RECORD EXCERPTS –
=== Begin Enclosure ===

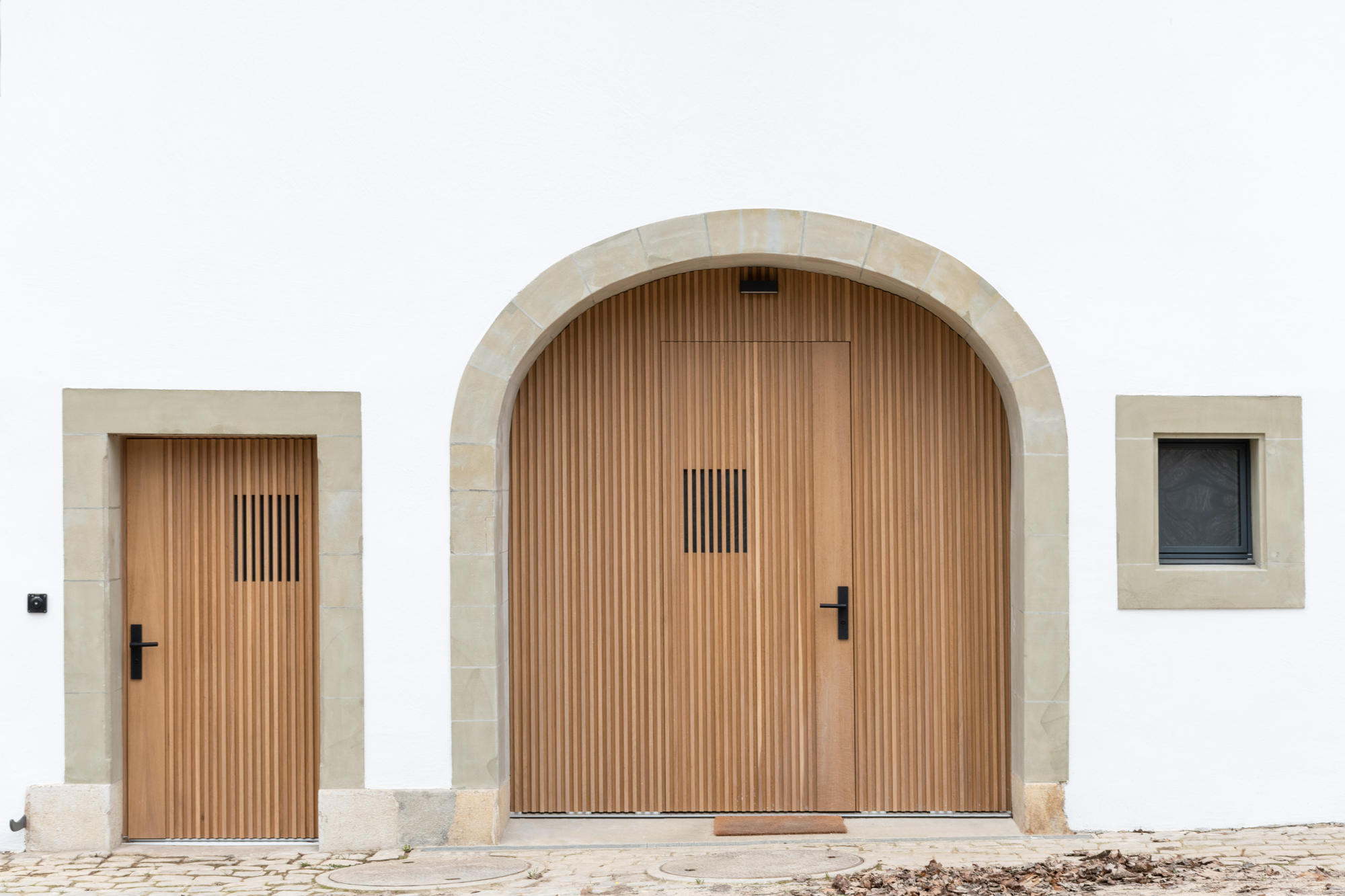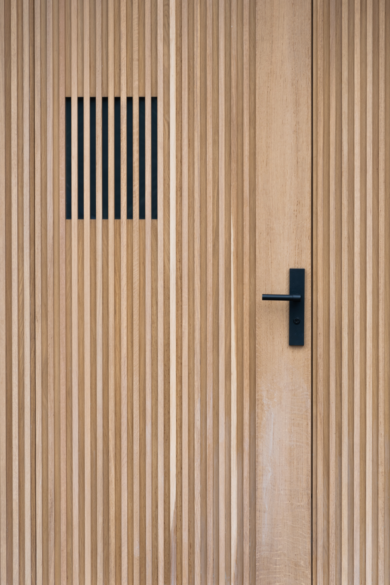 Portes en chêne avec claustra extérieure ajustée au chantier.
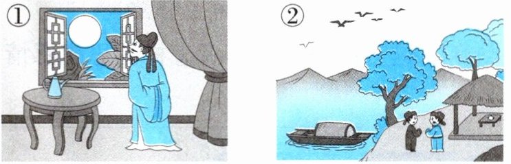 示例:举头望明月,低头思故乡。海内存知己,天涯若比邻。【解析】观察图中人物、环境,推测发生的故事,然后找出相应的诗句。如第①幅图,图上画了一个人面对窗外的月亮,独自思索。我们会想起李白写的《静夜思》。
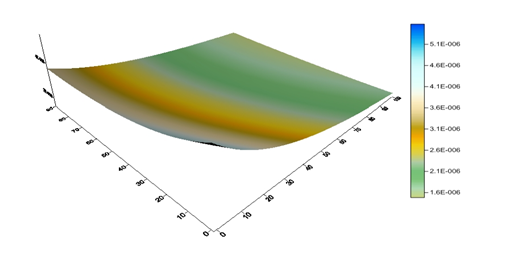 從采空區(qū)中心壓實(shí)區(qū)域到靠近采空區(qū)邊界的碎脹系數(shù)取 值為1.1~16。將對(duì)采空區(qū)不同地點(diǎn)所采煤樣的研究得出的粒徑和孔隙率數(shù)據(jù)帶入公式,再將所求解與煤樣所在采空區(qū)的位置進(jìn)行繪制采空區(qū)煤體的滲透率分布圖從采空區(qū)煤體滲透率的分布圖可以看出滲透率變化比較規(guī)律,靠近工作面比較大,遠(yuǎn)離工作面比較小,在工作面的的傾斜方向變化不大?! ?/span>
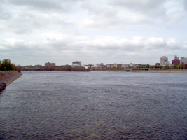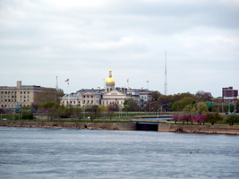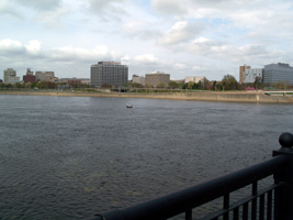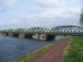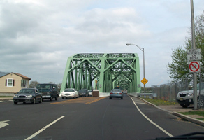 This four-lane, five-span camelback truss bridge carries Highway 1 over the Delaware River, connecting Trenton, NJ and Morrisville, PA. Also known as the "Lower Free Bridge", it was designed by Lousi Focht. The bridge is perhaps most notable for large letters on the eastern side stating, Trenton Makes, The World Takes, which is readily visibile from the main Highway 1 toll bridge and from Amtrak and SEPTA trains traveling to Philadelphia on the Northeast corridor line and harkens back to a time when Trenton was a major manufacturing city.
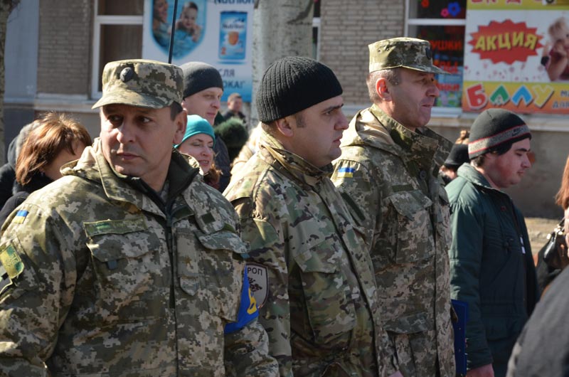 На мітингу виступили в.о. міського голови, секретар міської ради Олег Зонтов, голова товариства «Просвіта» імені Тараса Шевченка Володимир Савенко, голова громадської організації «Гуртом Слов'янськ» Михайло Нечипоренко, офіцер військової комендатури м. Слов`янська, майор Андрій Рудий, волонтер з м. Дружківка Павло Островський, вчителі та учні навчальних закладів Слов’янська та інші.
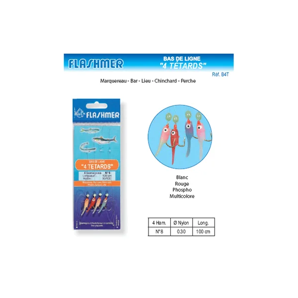 Bas De Ligne Flashmer 4 Tetards Marquereau – Bar – Lieu – Chinchard – Perche
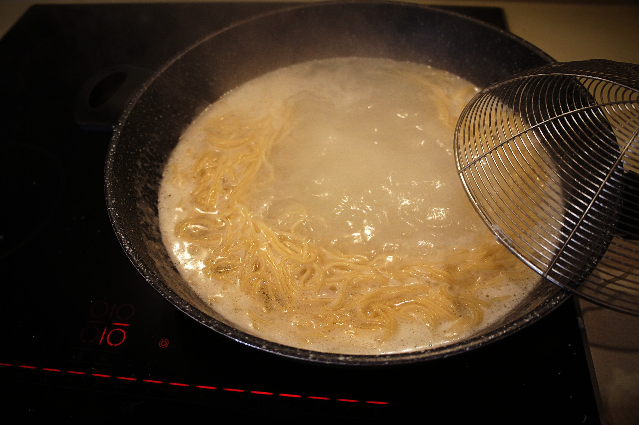 - Once the noodles are cooked, use a sieve to scoop them out and rinse them under cold water. Shake off any excess liquid.
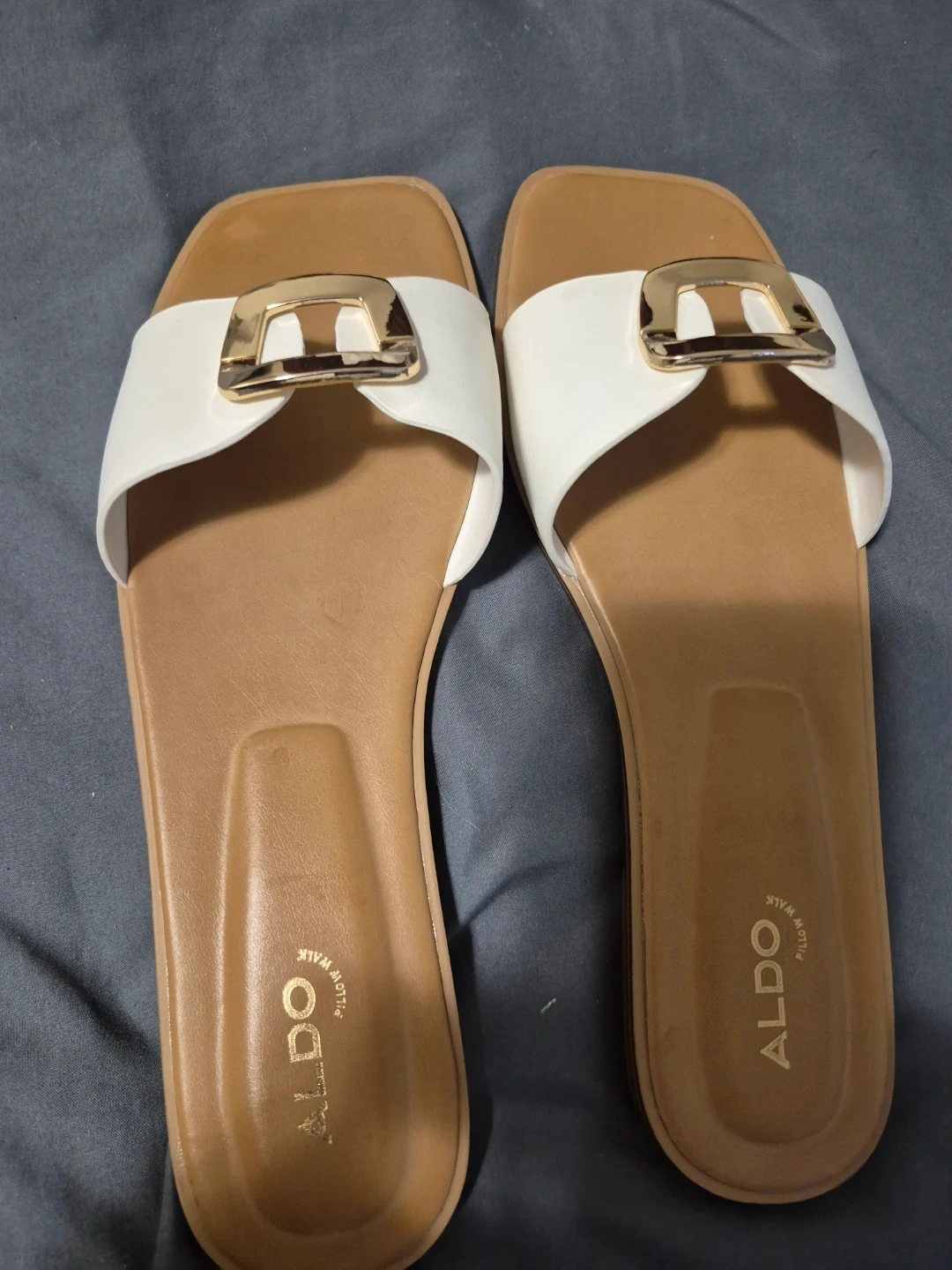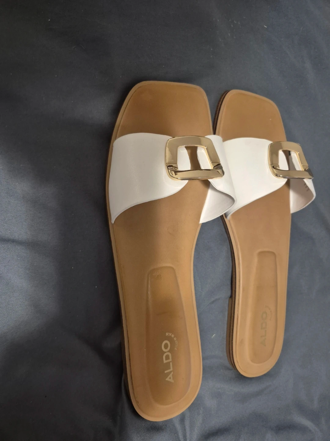 These ALDO slide sandals feature a chic white strap with a decorative gold buckle. The footbed is a warm tan colour. They're stylish and comfy for everyday wear! Size 10.5 to 11 if interested please call 647-834-5673 new with out tags never worn only tried on.
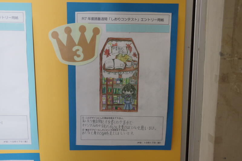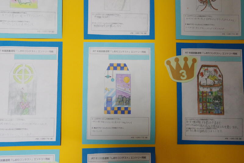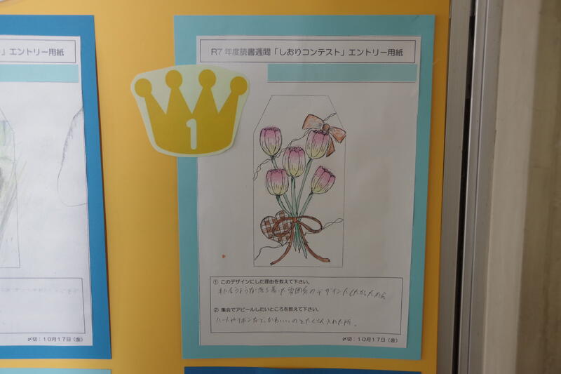 図書委員会からしおりコンテストの結果が発表されました。どの作品も素敵なものばかりです。入賞したみなさん。おめでとうございます!
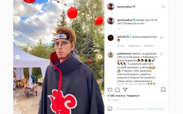 Так, Пресняков-младший устроил вечеринку в стиле аниме. Для нее он сам перевоплотился в одного из персонажей популярного аниме «Наруто» - Нагато, также известного как Пейн. Пресняков оделся в черный балдахин, а на голову надел характерную повязку. Кроме того, нос певца украсил массивный «пирсинг», как у персонажа. «Аниме туса на 30 лет? Почему бы и нет!», - подписал кадры Пресняков-младший. Его поклонники тут же принялись комментировать публикацию. «Никита, поздравляю тебя от всей души, с Юбилеем и Днем Рождения. Ты реально крутой и лучший музыкант и актер», «Ух ты!», «Похож!», «Царь, очень приятно Царь», «Круто», «С днём рождения Никита. Пусть твой голос почаще звучит везде и для всех», «Почему именно Пейн?))) интересен выбор именно этого персонажа», «Почему бы и нет?!», «Какие вы клёвые братишки! Никита, с днём рождения! Будь счастлив каждый день», «30 лет...как быстро», - пишут люди. Напомним, внуку Пугачевой стукнуло 30 лет, как он сейчас выглядит и чем занимается: "Время летит". Как сообщала Politeka, юная невестка Орбакайте похвасталась, как они обживают особняк Пугачевой: "Наконец-то взяли джакузи". Также Politeka писала, что внешность заросшего внука Аллы Пугачевой вызвала фурор: "Обалдеть, ксерокопия".
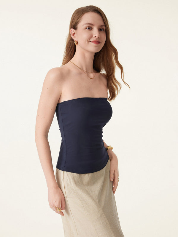 Elegant, sicher und bereit für den Sommer. Mit herausnehmbaren BH-Polstern und einem versteckten Anti-Rutsch-Gummiband im Inneren, das für sicheren Halt sorgt. Es ist schmeichelhaft und perfekt für warmes Wetter – Sie werden es nicht mehr ausziehen wollen.
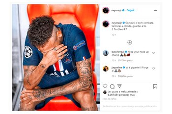 Una vez terminado el encuentro, Neymar se tomó algunas horas para procesar su frustración y luego se volcó a las redes sociales para expresar su tristeza por la derrota que le impidió conquistar la segunda Champions de su carrera (la única hasta el momento la ganó con el Barcelona en el 2015).
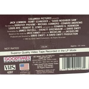 * This is a VHS tape of the 1964 movie "Good Neighbor Sam" starring Jack Lemmon and Romy Schneider. The comedy film, directed by David Swift, was released in 1988 by GoodTimes Home Video in full screen edition. The VHS tape features the classic adventure-comedy. With its timeless humor and talented cast, this VHS tape is a must-have for fans of vintage movies and Jack Lemmon's iconic performances.

=== End Enclosure ===

EXERCISE REQUIREMENTS –
Retype exactly the lines from the line containing "Una vez terminado" through the end of the entries above, including both ends, and leave every picture out.

TASK RESPONSE –
 Una vez terminado el encuentro, Neymar se tomó algunas horas para procesar su frustración y luego se volcó a las redes sociales para expresar su tristeza por la derrota que le impidió conquistar la segunda Champions de su carrera (la única hasta el momento la ganó con el Barcelona en el 2015).
 * This is a VHS tape of the 1964 movie "Good Neighbor Sam" starring Jack Lemmon and Romy Schneider. The comedy film, directed by David Swift, was released in 1988 by GoodTimes Home Video in full screen edition. The VHS tape features the classic adventure-comedy. With its timeless humor and talented cast, this VHS tape is a must-have for fans of vintage movies and Jack Lemmon's iconic performances.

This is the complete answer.